Miss McEwan, 59, wasn't allowed to see her father at all until July, when socially distant outdoor meetings were allowed. Since London was placed under Tier 2 restrictions from October, only window visits have been permitted.  She said: 'I dream of being able to take him out for a walk in the park in his wheelchair, or take him to the pub for a pint when they open again. The chance to have Christmas dinner with him would be so special. He just needs a cuddle for Christmas.  Care homes are not supposed to be an asylum or a prison. This generation that is being betrayed at the end of their lives. Most of them do not have much time left, and are being robbed of time to spend with their families.  The costs of tests for family members would be a drop in the ocean. The Government cannot afford to wait any longer.'

During his long career as a vicar, Les Collinson supported many families through hard times.  Now as the 74-year-old battles vascular dementia, the cruel ban on visitors means there is no one there to support him.  His daughter Angela said: 'Ever since March, all I have been able to do is wave at my dad through a window. The window was high up so you couldn't even see him properly, and I'd leave in tears.  Once he put his hand out of the window to hold my hand but I had to explain that I'm not allowed to touch him. Prisoners have got more rights at the moment.'

Mr Collinson, from Darwen, Lancashire, has been in a care home since April last year when he suffered a stroke and developed vascular dementia.  Miss Collinson, 38, said: 'People with dementia need that interaction with their loved-ones. I don't understand why over summer I've been allowed to go on holiday and go out to pubs and restaurants, but I wasn't allowed to hug my dad.  Testing seems like a simple solution to this, I would pay to get tested myself if it meant I could give him a hug. Even if I could just go inside and sit by his side for five minutes it would mean the world to me.'

Dave Stallard struggles to understand why his family don't visit him every day like they used to.  The 79-year-old has severe dementia, and his wife Irene used to sit with him twice a day, regularly taking him on trips into the West Sussex countryside where they live.  But from March to July the couple, who have been married for more than 50 years, could not see each other at all. Now they are allowed only one half-hour visit every fortnight, sat two metres apart in a gazebo outside at his care home.  When Mrs Stallard wants to see her husband's face at other times, she goes to his care home, peers over the railings and tells him she loves him.  Their daughter Miranda Gore-Brown, who used to visit her father in the care home at least twice a week, said the 'inhumane' situation cannot be allowed to continue.  Mrs Gore-Browne, a finalist on the first series of The Great British Bake off, said: 'Every day that goes by without testing is a wasted day when people could be together. The lack of human contact is so cruel.  My mum should be given the same priority as a key worker and given routine testing so she can visit him. Rapid testing could transform the situation.  It is heartbreaking for my mum and has been so incredibly hard for her, thinking of all those hours where she would be able to sit chatting to him and holding his hand.  I'm really conscious that his time is running out. We have been lucky as he still knows who we are and his face lights up when we visit. Dad is really missing us and feels a sadness.
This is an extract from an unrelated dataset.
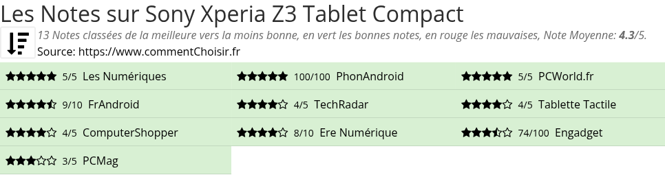 Les notes des sites et magazines internet peuvent etre peut-etre biaisés, au moins avec les avis client et des utilisateurs qui ont acheté Sony Xperia Z3 Tablet Compact sur amazon ou la fnac, on est sur d'avoir de vrais critiques sur ce produit. (les liens vers les magasins sont sponsorisés).

He asks if we can visit more, and we have told him we want to be we can't.'

Mrs Gore-Browne added: 'The care home have been fantastic, they've done everything they can to help us visit and let us come and speak to them over the wall. But if we hadn't been able to do that and look over the railings we wouldn't have been able to see him for five months.'

Trevor Salomon usually cherishes spending Christmas day cooking up a turkey feast with his wife by his side as sous chef.  But this year, he faces the prospect of not being able to see her at all.  His wife Yvonne, 64, moved into a care home last year after developing dementia. Since lockdown was imposed, they have only been able to wave at each other through a window.  Mr Salomon, 68, said: 'I haven't been able to touch or hold my wife since the first week of March.  As difficult as that is, I take comfort in the fact that the care home staff are doing an amazing job looking after all the residents.  Window visits and video calls will get us through the next couple of weeks, but they're no substitute for a Christmas hug with Yvonne.' 

He added that he fears that unless he is allowed to see her in person soon, his wife of more than three decades will no longer be able to recognise him.  Mr Salomon said: 'Coronavirus and lockdown changed Yvonne's care home overnight. The familiar faces of family and friends are gone, and carers are behind masks and can't touch or comfort the residents.  Yvonne has lost her sparkle, she's in a world she doesn't understand.  We've only got video calls to keep in touch, and Yvonne doesn't always understand them. If lockdown continues, I'm really fearful my wife won't be able to recognise me at the end of all this.'

Caroline Raven has been trapped in a 'never-ending nightmare' since lockdown made it impossible to visit her 91-year-old mother Margaret.  'She is always telling me she wants to die now,' Mrs Raven said. 'For a daughter to hear her mother say that is horrific. I'm powerless.'

Margaret has dementia and has been living at a care home in Bristol for nearly five years. Visits were banned completely in March but a few weeks later, family members were allowed to wave at residents through a window. Now they can see each other indoors but only through screens.  Mrs Raven, 59, said: 'The care home have done everything possible but Perspex screens are not a substitute for seeing someone in person. Mum finds the visits very distressing, she doesn't understand why she can only see me through a screen and often just dissolves into tears.  She says that unless she can hug me or kiss me, she just wants to go back to her room and lie in bed, hoping her time comes. She says she has had enough. It is no life for anyone. It is barbaric.  Mum doesn't understand why things are closed or that there's a virus. She just thinks I've stopped going to see her.  She has always been fun-loving, feisty and independent, but now she is lost and defeated.'

Mrs Raven added: 'Being able to sit with mum indoors would mean everything to me. I would love to spend Christmas Day with her, take her some presents and have a sherry. If the Government gave us the ability to properly visit our family, it would be the best Christmas present ever.'

How care homes became the Covid frontline: A timeline of failings

FEBRUARY - SAGE scientists warned Government 'very early on' about the risk to care homes

Britain's chief scientific adviser, Sir Patrick Vallance, revealed in April that he and other senior scientists warned politicians 'very early on' about the risk COVID-19 posed to care homes.  He said: 'So very early on we looked at a number of topics, we looked at nosocomial infection very early on, that's the spread in hospitals, and we flagged that as something that the NHS needed to think about.  We flagged the fact that we thought care homes would be an important area to look at, and we flagged things like vaccine development and so on. So we try to take a longer term view of things as well as dealing with the urgent and immediate areas.'

The SAGE committee met for the first time on January 22, suggesting 'very early on' in its discussions was likely the end of January or the beginning of February.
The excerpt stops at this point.